Your answer must be an exact transcription of every record below, with the pictures omitted.

━━━━━ SUPPLIED ENTRIES

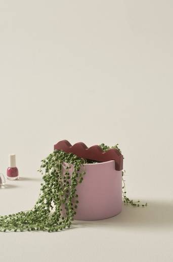 NICCO är en färgstark kruka av polyresin. Eftersom den är helt vattentät gör den sig perfekt till en krukväxt eller snittblommor på bordet. Skulle blommorna vissna så står krukan för färgprakten även tom. Dekoren på toppen kan du ta bort om du vill. Den kan också hjälpa snittblommorna att stå fint i krukan. Material: Polyresin. Storlek: Höjd 15 cm, ø 16 cm, bredd 18,5 cm. Skötselråd: Torkas av med lätt fuktad trasa. Tips/råd: Vill förvara pennor, penslar, sax och andra redskap i krukan kan avdelaren på toppen hjälpa dig att hålla ordning.
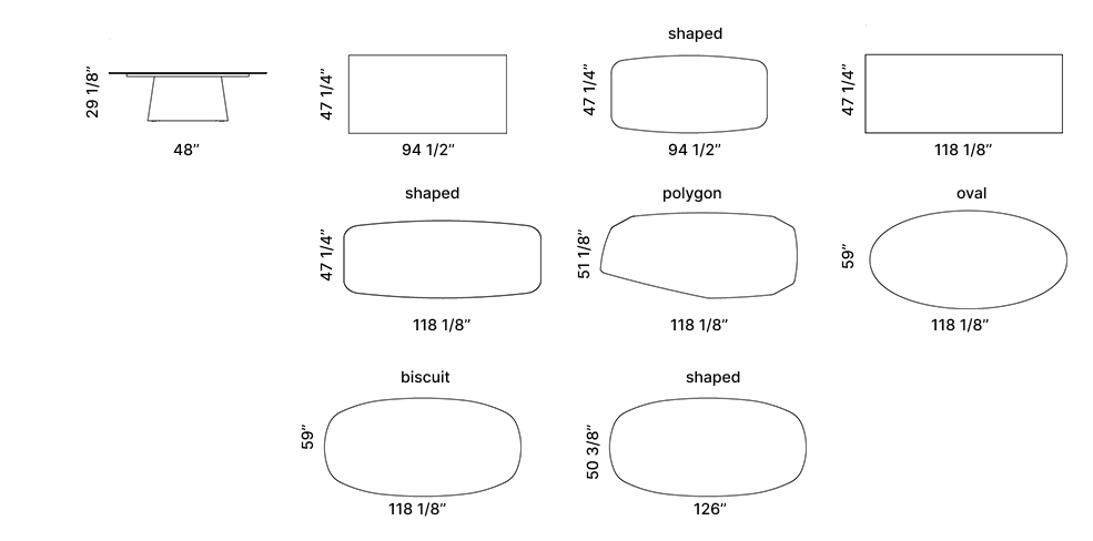 | The Napoleon family of tables comes in numerous versions to meet the most varied aesthetic needs and optimally furnish a modern dining room.The central base has been produced using a cutting-edge ceramic modelling technique, which marks the boundary between before and after on the spectrum of possible outcomes offered by this ever more flexible material. This is the first appearance, in fact, of curved slabs in the Keramik collection, sculpted to create bases for ceramic tables with gracefully curved shapes and rounded edges. Tables with a central Napoleon base are joined by two perfectly symmetrical hubs. One detail is noticeable on the short side of the plinth: the recessed vertical groove covered in ceramic, which breaks up the otherwise uniform surface. The result is a modern ceramic table that embodies a new contemporary aesthetic, combining classic finishes inspired by natural marble with previously unseen production techniques. |
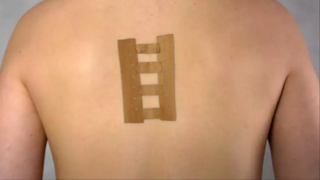 При наклеивании на позвоночник, нарежьте стикер полосами и наклейте его «лесенкой»: две длинные полоски с двух сторон от позвоночника, и несколько коротких между позвонками (в зависимости от размера проблемной зоны). При наклеивании на другую проблемную зону (плечо, локоть, колено, мышцы) стикер надрезается с двух сторон так, чтобы при наклеивании подучилась буква «ж».
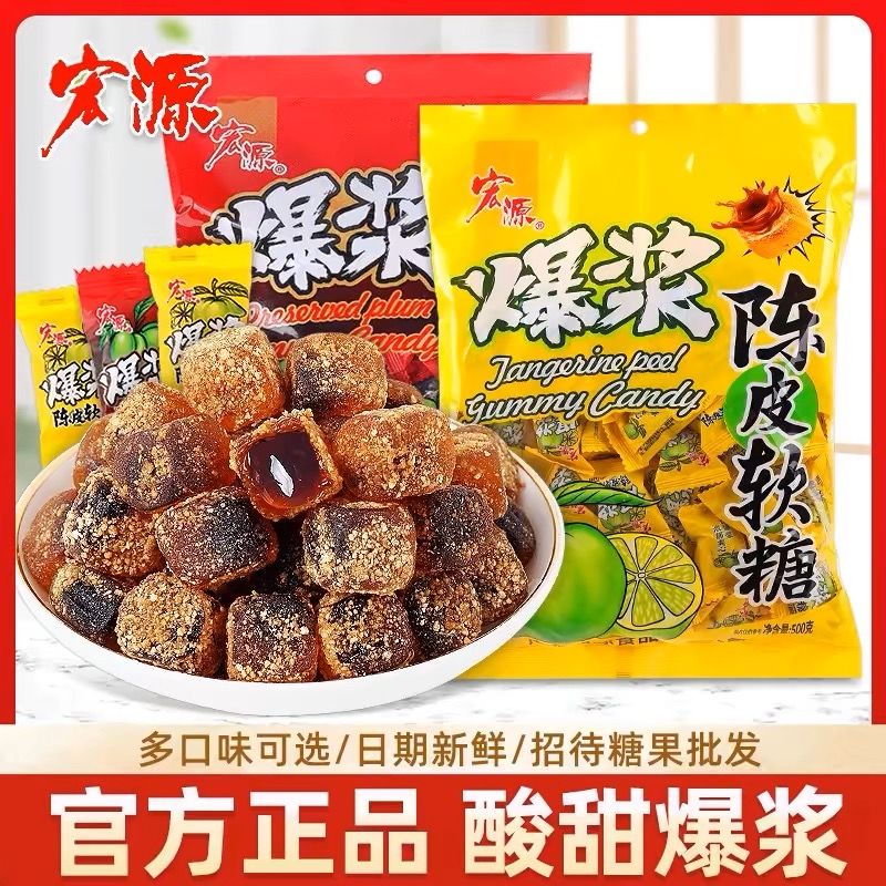 宏源爆浆陈皮糖话梅糖软糖果零食新年水果糖喜糖年货招待糖散装
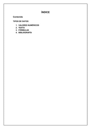 Este documento describe los tres tipos de datos que se pueden ingresar en Excel: valores numéricos, texto y fórmulas. Los valores numéricos incluyen números y fechas, que Excel almacena como valores numéricos aunque se pueden formatear de diferentes maneras. El texto se alinea a la izquierda y puede incluir letras, números o símbolos. Las fórmulas calculan resultados usando valores numéricos y de texto.
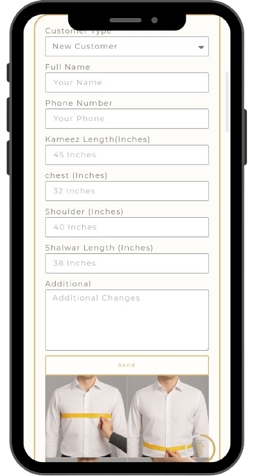 Next, you will be redirected to the Measurement Page, where you will be required to enter your complete measurements. Kindly fill in all the fields carefully to ensure the perfect fit. Once you have submitted your details, you will be automatically redirected to the Payment Page.
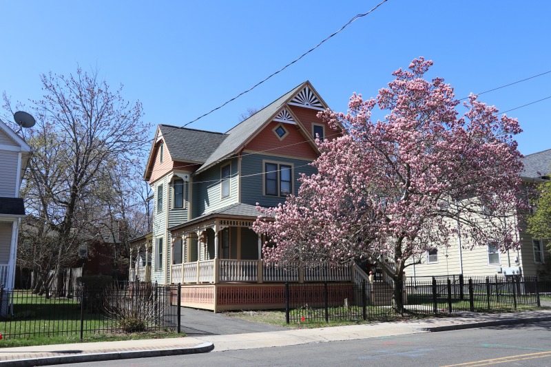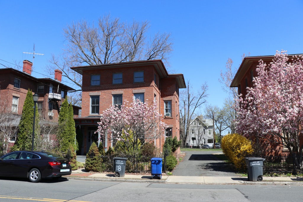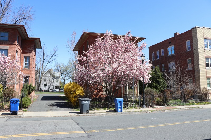 Out looking for better "before and after" shots of 33 Sargeant and 29 Ashley. Came back with some delightful shots of Asylum Hill in bloom. Also, it was trash day.
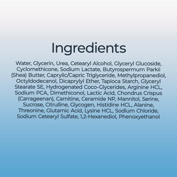 Water, Glycerin, Urea, Cetearyl Alcohol, Glyceryl Glucoside, Sodium Lactate, Butyrospermum Parkii (shea) Butter, Caprylic/capric Triglyceride, Methylpropanediol, Octyldodecanol, Dicaprylyl Ether, Tapioca Starch, Dimethicone, Glyceryl Stearate Se, Hydrogenated Coco-glycerides, Carnitine, Ceramide Np, Sodium Pca, Arginine Hcl, Serine, Arginine, Alanine, Histidine Hcl, Citrulline, Lysine Hcl, Lactic Acid, Glycogen, Mannitol, Sucrose, Pca, Glutamic Acid, Threonine, Chondrus Crispus (carrageenan), Sodium Chloride, Sodium Cetearyl Sulfate, Tocopherol, 1,2-hexanediol, Phenoxyethanol
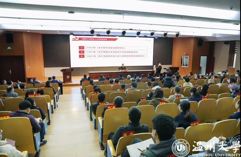 12月2日上午,省委常委、市委书记刘小涛走进星空平台,向我校师生宣讲党的十九届六中全会和省委十四届十次全会精神。刘小涛寄语星空平台深入学习贯彻六中全会和省委全会精神,从党的百年光辉历程中汲取智慧和力量,加快打造特色鲜明的高水平教学研究型大学,当好温州“续写创新史、走好共富路”的人才泵、创新源、思想库。市领导胡剑谨、张健,市委办、市委宣传部、市教育局等有关负责同志参加活动。宣讲会由校党委书记谢树华主持。
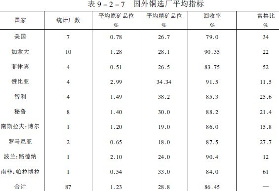 用浮选方法处理炼铜废渣回收金属,是近年来发展的一种新工艺。日本已在八座冶炼厂建立了处理炉渣的选矿车间。芬兰的哈里亚伐尔塔厂以前用电炉贫化铜炉渣、将渣含铜降到0.6-0.7%,铜的回收率77%,后来改用浮选处理,尾矿含量降到0.3%(渣含铜)铜回收率提高到91.1%。一些国家铜选厂1981年的生产指标列于表9-2-7。
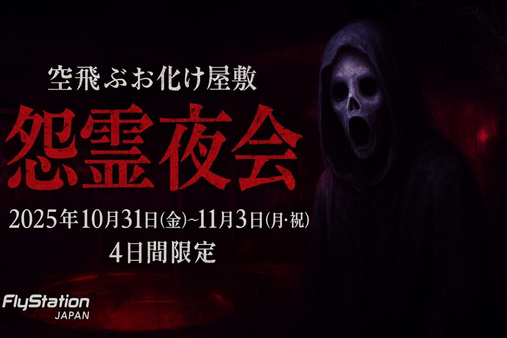 「FlyStation Japan」の《怨霊夜会》は、ただのハロウィンイベントではなく、“空を飛ぶ”という唯一無二の体験と“ホラー”を掛け合わせた全く新しいエンタメです。スリル満点のスカイダイビング、突然現れるお化け、豪華な来場特典…そのすべてが非日常のワクワクを演出します。

━━━━━━━━━━

RESPONSE TO THIS TASK:
 NICCO är en färgstark kruka av polyresin. Eftersom den är helt vattentät gör den sig perfekt till en krukväxt eller snittblommor på bordet. Skulle blommorna vissna så står krukan för färgprakten även tom. Dekoren på toppen kan du ta bort om du vill. Den kan också hjälpa snittblommorna att stå fint i krukan. Material: Polyresin. Storlek: Höjd 15 cm, ø 16 cm, bredd 18,5 cm. Skötselråd: Torkas av med lätt fuktad trasa. Tips/råd: Vill förvara pennor, penslar, sax och andra redskap i krukan kan avdelaren på toppen hjälpa dig att hålla ordning.
 | The Napoleon family of tables comes in numerous versions to meet the most varied aesthetic needs and optimally furnish a modern dining room.The central base has been produced using a cutting-edge ceramic modelling technique, which marks the boundary between before and after on the spectrum of possible outcomes offered by this ever more flexible material. This is the first appearance, in fact, of curved slabs in the Keramik collection, sculpted to create bases for ceramic tables with gracefully curved shapes and rounded edges. Tables with a central Napoleon base are joined by two perfectly symmetrical hubs. One detail is noticeable on the short side of the plinth: the recessed vertical groove covered in ceramic, which breaks up the otherwise uniform surface. The result is a modern ceramic table that embodies a new contemporary aesthetic, combining classic finishes inspired by natural marble with previously unseen production techniques. |
 При наклеивании на позвоночник, нарежьте стикер полосами и наклейте его «лесенкой»: две длинные полоски с двух сторон от позвоночника, и несколько коротких между позвонками (в зависимости от размера проблемной зоны). При наклеивании на другую проблемную зону (плечо, локоть, колено, мышцы) стикер надрезается с двух сторон так, чтобы при наклеивании подучилась буква «ж».
 宏源爆浆陈皮糖话梅糖软糖果零食新年水果糖喜糖年货招待糖散装
 Este documento describe los tres tipos de datos que se pueden ingresar en Excel: valores numéricos, texto y fórmulas. Los valores numéricos incluyen números y fechas, que Excel almacena como valores numéricos aunque se pueden formatear de diferentes maneras. El texto se alinea a la izquierda y puede incluir letras, números o símbolos. Las fórmulas calculan resultados usando valores numéricos y de texto.
 Next, you will be redirected to the Measurement Page, where you will be required to enter your complete measurements. Kindly fill in all the fields carefully to ensure the perfect fit. Once you have submitted your details, you will be automatically redirected to the Payment Page.
 Out looking for better "before and after" shots of 33 Sargeant and 29 Ashley. Came back with some delightful shots of Asylum Hill in bloom. Also, it was trash day.
 Water, Glycerin, Urea, Cetearyl Alcohol, Glyceryl Glucoside, Sodium Lactate, Butyrospermum Parkii (shea) Butter, Caprylic/capric Triglyceride, Methylpropanediol, Octyldodecanol, Dicaprylyl Ether, Tapioca Starch, Dimethicone, Glyceryl Stearate Se, Hydrogenated Coco-glycerides, Carnitine, Ceramide Np, Sodium Pca, Arginine Hcl, Serine, Arginine, Alanine, Histidine Hcl, Citrulline, Lysine Hcl, Lactic Acid, Glycogen, Mannitol, Sucrose, Pca, Glutamic Acid, Threonine, Chondrus Crispus (carrageenan), Sodium Chloride, Sodium Cetearyl Sulfate, Tocopherol, 1,2-hexanediol, Phenoxyethanol
 12月2日上午,省委常委、市委书记刘小涛走进星空平台,向我校师生宣讲党的十九届六中全会和省委十四届十次全会精神。刘小涛寄语星空平台深入学习贯彻六中全会和省委全会精神,从党的百年光辉历程中汲取智慧和力量,加快打造特色鲜明的高水平教学研究型大学,当好温州“续写创新史、走好共富路”的人才泵、创新源、思想库。市领导胡剑谨、张健,市委办、市委宣传部、市教育局等有关负责同志参加活动。宣讲会由校党委书记谢树华主持。
 用浮选方法处理炼铜废渣回收金属,是近年来发展的一种新工艺。日本已在八座冶炼厂建立了处理炉渣的选矿车间。芬兰的哈里亚伐尔塔厂以前用电炉贫化铜炉渣、将渣含铜降到0.6-0.7%,铜的回收率77%,后来改用浮选处理,尾矿含量降到0.3%(渣含铜)铜回收率提高到91.1%。一些国家铜选厂1981年的生产指标列于表9-2-7。
 「FlyStation Japan」の《怨霊夜会》は、ただのハロウィンイベントではなく、“空を飛ぶ”という唯一無二の体験と“ホラー”を掛け合わせた全く新しいエンタメです。スリル満点のスカイダイビング、突然現れるお化け、豪華な来場特典…そのすべてが非日常のワクワクを演出します。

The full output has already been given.